At the time Derek’s group was developing a mm-wave interferometer destined to be flown at high altitude on a balloon to make measurements of the Cosmic Background Radiation. This system was being developed by QMC and PCL (Polytechnic of Central London). It was decided to try taking this to the Canaries to let us make parallel sets of measurements in the infra-red and millimetre ranges so they could be compared. I was one of the people roped in to help.

The main observations were based on Tenerife, at the Izaña site already in use by various telescopes. In total, the trip was planned to be from 27th August to 1 October. But not every observer was to be there for all that period. Ian Robson and his spouse, Chris, went out on the 27th of August to start preparations at Izaña. On the 3rd of September three of us flew out. Myself, Bill Duncan, and Chris Zammitt. Bill was a postdoc working for Derek on the cosmic background experiment. Chris Zammitt was a computer programmer from PCL who were responsible for the computing system that controlled the instrument and collected the data. Derek and Eddie Puplett were due to fly out two weeks later, and I’d come home a week after that.

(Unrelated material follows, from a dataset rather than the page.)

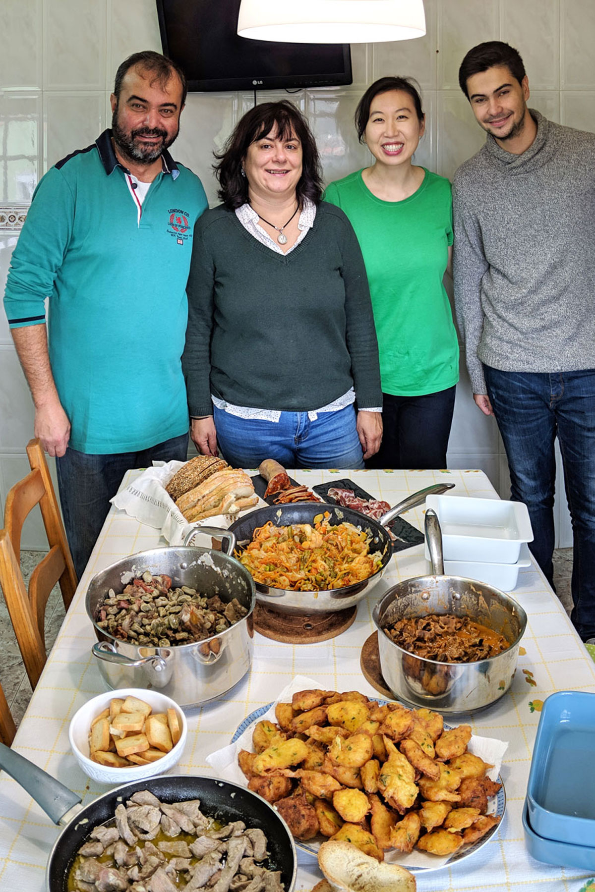I felt like I was part of a big family as soon as I was greeted by Paulo and Susanah. Upon entering the kitchen, I could already see how much food they had prepare for me and my partner. We finished cooking the cod cakes and pan-fried the fresh clams. Paulo, who knew a ton about wines - apparently, he used to work for a wine company, took us to his wine cellar and talked about what we would be drinking that day. We easily had a 5-course meal with multiple dishes in each course. Susanah and Paulo knew my partner and I couldn't eat too much dairy, so instead of Susanah's famous rice pudding, she made us an apple tart instead, which was super thoughtful and sweet. It seemed like we talked for hours at the dinner table and was joined by Paulo and Susanah's son as well. Topics like football, food, the Spanish (haha), the history of Portugal, travel -- really anything you would talk about with your family, you could do here. It was really that kind of "European" eat, drink and laugh atmosphere that you imagine. These experiences are so memorable for me and I really thank my hosts for such a wonderful and delicious experience.- Christina November 15, 2018

From the moment I arrive it was clear that there were problems. When Chris Zammitt had put the computer system together and switched it on, what electronic engineers call the ‘magic smoke’ had emerged from it. It then duly failed to work properly. Chris spent a few days trying to ‘re-program’ the computer system and get it working. Whilst Ian and I – who knew nothing about the details of the computer – kept asking how trying to change the program would deal with a problem that caused smoke to rise?! Then when we awoke one morning, Chris had gone. He had taken one of the hire cars, driven down to the airport, and flown home early. So far as he was concerned, the attempt was over. Ian looked at me and said words to the effect, “Well, you’re an electronic engineer and have used computers, can we fix it?” My response was along the lines of, “Dunno! But we can have a try!” To this day I have no idea exactly what functions the parts which had ‘lost smoke’ did, but I started having a look.

These days it is probably necessary to remind people that although the computer we had at the time was far less powerful than a modern mobile phone, it was the size of a desk or bookcase. The logic circuits were on a set of circuit board ‘cards’ plugged into frames inside its cabinet. So we opened it up and started looking at each board. Some integrated circuits and other items showed clear signs of damage. Fortunately, these were all standard ICs whose part numbers we could read. So Ian and I took a walk around the site to see if anyone else might have any spares. If I recall correctly, we, erm, liberated some from the Imperial College hut. I then carefully unsoldered the suspect originals and replaced them. Then plugged things back in and switched on. No more smoke, but still not working properly.

So we examined each board individually. Some when connected to power drew strangely high or low current. Looked OK, but I cut some of the tracks to find which rows of devices seemed suspect. Then replaced the ICs in that row and reconnected things. This gave more plausible currents. After some trial and error, the computer started working and could be programmed and used. I still have no idea what, exactly, I did, but it worked. Sadly, it turned out that there were other problems with the system. Hardly surprising because it was still under laboratory development and wasn’t really designed to be crated up a mountain and used out on the mountainside.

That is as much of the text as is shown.